The Abominable Snowman (1957)

I'm not sure quite what it is, but there's just something here that stops me from loving this movie as much as I think I should. I admire it, it's an intelligent and atmospheric piece, but I also think that it somehow should have created a much better framework around the ideas at its heart.

Written by Nigel Kneale, and directed by Val Guest, the movie can be described quite simply as "a quest in search of the Yeti" but that sells the thing short. What the film is really about is the quest for knowledge (best symbolised by the tenacity and good intentions of the character Dr. Rollason, played by the great Peter Cushing) working side by side with the quest for personal gain and profit (shown by Tom Friend, the character played by Forrest Tucker). Obviously, these two viewpoints are opposing ones, but the path through treacherous terrain is made slightly easier by teamwork.

The Abominable Snowman works very well in a number of areas - the cast are all generally excellent (as is par for the course when it comes to Peter Cushing), the atmosphere builds nicely in the last half hour or so, and the material is treated with intelligence and a serious tone. Sadly, there are other areas in which the film doesn't do half as well - a running strand of mysticism just doesn't feel right, and none of the scenes at a lamasery do anything much for the pacing and characterisations, except basic exposition.

Aside from the performances of Cushing and Tucker in the two main roles, Maureen Connell is also excellent as Helen, the plucky but concerned wife of Dr.
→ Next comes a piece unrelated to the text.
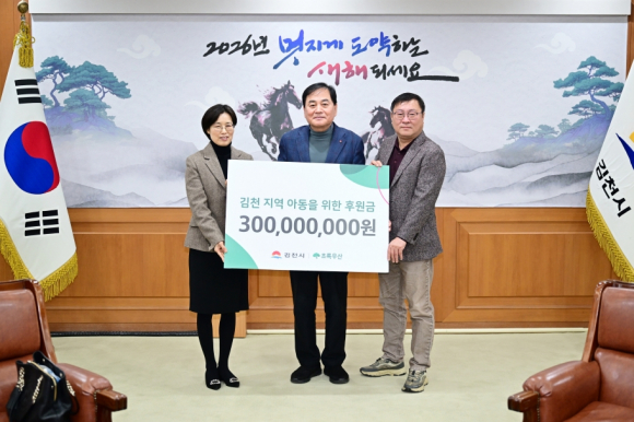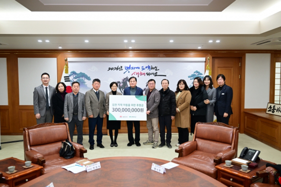 | 김천시(시장 배낙호)는 지난 2월 10일 초록우산어린이재단 경북지역본부(본부장 박정숙), 김천후원회(회장 전광득)와 함께 지역 아동을 위한 약정 후원금 3억 원 전달식을 개최했다.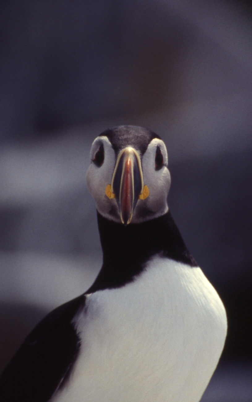 Close up view of Atlantic puffin looking straight on at camera. NOTE: Images donated by Petit Manan National Willdife Refuge, Maine. Image provided by USFWS National Digital Library.

Rollason, Richard Wattis is enjoyable as Peter Fox and Robert Brown has some fun as the thrill-loving Ed Shelley.

There's certainly enough here for fans of subtle, smart horror to enjoy, but I didn't rate this quite as highly as some other people, despite some fine, atmospheric moments that show the effect the weather and general conditions have on members of the expedition. Give it a viewing and make up your own mind, especially if you're a Peter Cushing fan like myself, because there are plenty of Hammer fans who rate this one quite a bit higher than I do.